Any prime p ≡ 3 mod 4 remains inert in Z[]; that is, it does not split. For example, (7) remains prime in Z[]. In this situation, the decomposition group is all of G, again because there is only one prime factor. However, this situation differs from the p = 2 case, because now σ does not act trivially on the residue field
$O_L / (7)O_L\ ,$
which is the finite field with 7^{2} = 49 elements. For example, the difference between $1+i$ and $\sigma(1 + i) = 1 - i$ is $2i$, which is certainly not divisible by 7. Therefore, the inertia group is the trivial group {1}. The Galois group of this residue field over the subfield Z/7Z has order 2, and is generated by the image of the Frobenius element. The Frobenius element is none other than σ; this means that
$(a+bi)^7\equiv a-bi\bmod7$
for any integers a and b.

=== Summary ===

| Prime in Z | How it splits in Z[i] | Inertia group | Decomposition group |
|---|---|---|---|
| 2 | Ramifies with index 2 | G | G |
| p ≡ 1 mod 4 | Splits into two distinct factors | 1 | 1 |
| p ≡ 3 mod 4 | Remains inert | 1 | G |

== Computing the factorisation ==

Suppose that we wish to determine the factorisation of a prime ideal P of O_{K} into primes of O_{L}. The following procedure (Neukirch, p. 47) solves this problem in many cases. The strategy is to select an integer θ in O_{L} so that L is generated over K by θ (such a θ is guaranteed to exist by the primitive element theorem), and then to examine the minimal polynomial H(X) of θ over K; it is a monic polynomial with coefficients in O_{K}. Reducing the coefficients of H(X) modulo P, we obtain a monic polynomial h(X) with coefficients in F, the (finite) residue field O_{K}/P. Suppose that h(X) factorises in the polynomial ring F[X] as
 $h(X) = h_1(X)^{e_1} \cdots h_n(X)^{e_n},$
where the h_{j} are distinct monic irreducible polynomials in F[X]. Then, as long as P is not one of finitely many exceptional primes (the precise condition is described below), the factorisation of P has the following form:
 $P O_L = Q_1^{e_1} \cdots Q_n^{e_n},$
where the Q_{j} are distinct prime ideals of O_{L}. Furthermore, the inertia degree of each Q_{j} is equal to the degree of the corresponding polynomial h_{j}, and there is an explicit formula for the Q_{j}:
 $Q_j = P O_L + h_j(\theta) O_L,$
where h_{j} denotes here a lifting of the polynomial h_{j} to K[X].

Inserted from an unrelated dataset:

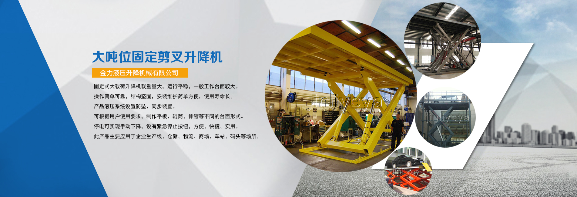 金力公司主要致力于液壓升降機(jī)械的研發(fā),主導(dǎo)產(chǎn)品有高空作業(yè)平臺(tái)、液壓升降機(jī)、升降平臺(tái)、登車(chē)橋等十幾個(gè)系列。...
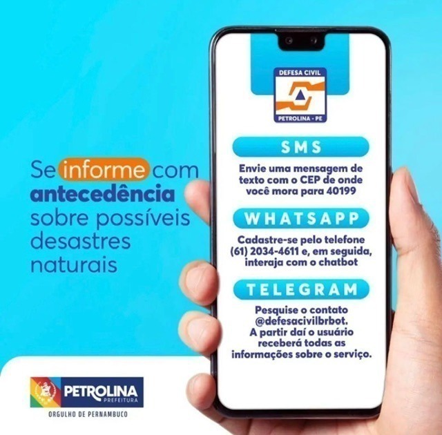 A Defesa Civil de Petrolina presta um serviço gratuito de envio de mensagens de alerta de riscos desastres e emergências. É uma forma fácil de receber boletins de avisos e alertas extremamente importantes. Além do mais, permitem que os cidadãos estejam preparados e possam redobrar a observação em suas comunidades.

In the Galois case, the inertia degrees are all equal, and the ramification indices e_{1} = ... = e_{n} are all equal.

The exceptional primes, for which the above result does not necessarily hold, are the ones not relatively prime to the conductor of the ring O_{K}[θ]. The conductor is defined to be the ideal
 $\{ y \in O_L : yO_L \subseteq O_K[\theta]\};$
it measures how far the order O_{K}[θ] is from being the whole ring of integers (maximal order) O_{L}.

A significant caveat is that there exist examples of L/K and P such that there is no available θ that satisfies the above hypotheses (see for example ). Therefore, the algorithm given above cannot be used to factor such P, and more sophisticated approaches must be used, such as that described in.

=== An example ===

Consider again the case of the Gaussian integers. We take θ to be the imaginary unit $i$, with minimal polynomial H(X) = X^{2} + 1. Since Z[$i$] is the whole ring of integers of Q($i$), the conductor is the unit ideal, so there are no exceptional primes.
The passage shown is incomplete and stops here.